:: SOURCE DATA ::
· · · · ·
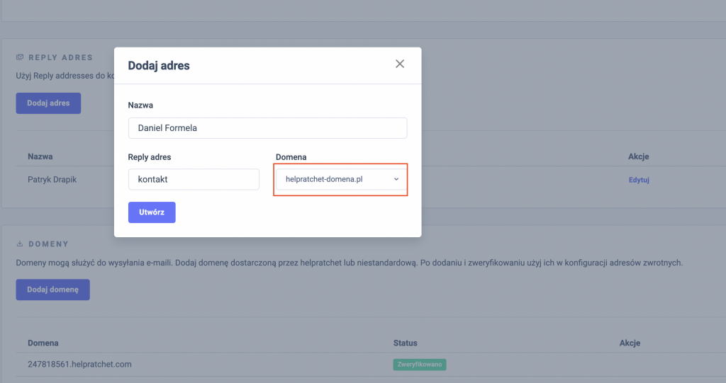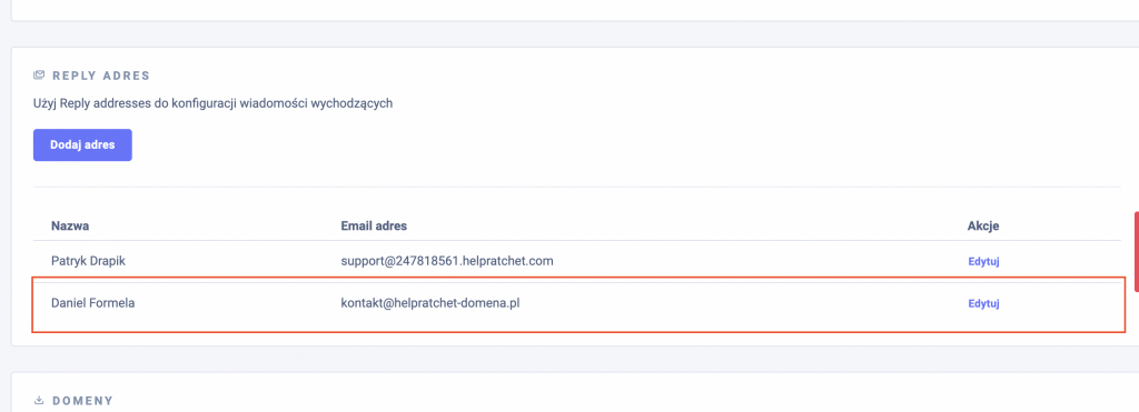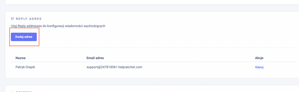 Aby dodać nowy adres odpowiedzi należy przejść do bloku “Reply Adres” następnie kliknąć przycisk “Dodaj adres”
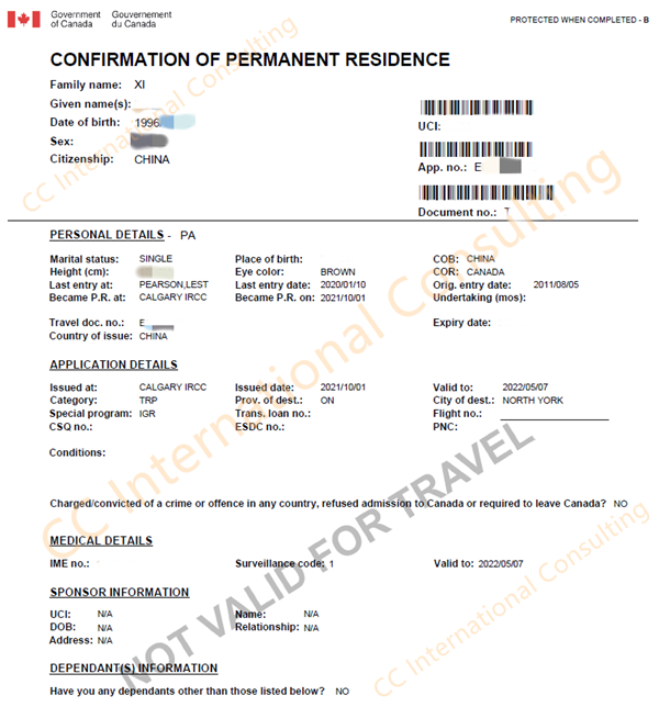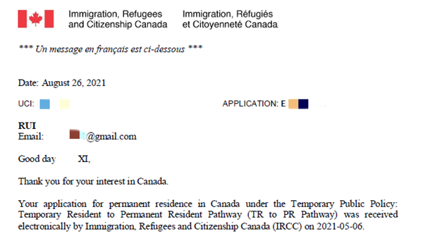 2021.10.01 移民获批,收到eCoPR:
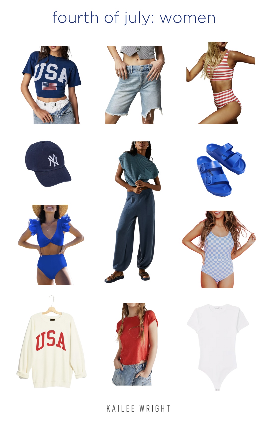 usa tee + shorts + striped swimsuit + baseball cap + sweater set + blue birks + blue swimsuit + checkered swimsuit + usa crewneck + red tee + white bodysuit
· · · · ·
:: REQUIRED WORK ::
Transcribe the listing in full. Leave the pictures out.

:: RESULT FOR THIS EXERCISE ::
 Aby dodać nowy adres odpowiedzi należy przejść do bloku “Reply Adres” następnie kliknąć przycisk “Dodaj adres”
 2021.10.01 移民获批,收到eCoPR:
 usa tee + shorts + striped swimsuit + baseball cap + sweater set + blue birks + blue swimsuit + checkered swimsuit + usa crewneck + red tee + white bodysuit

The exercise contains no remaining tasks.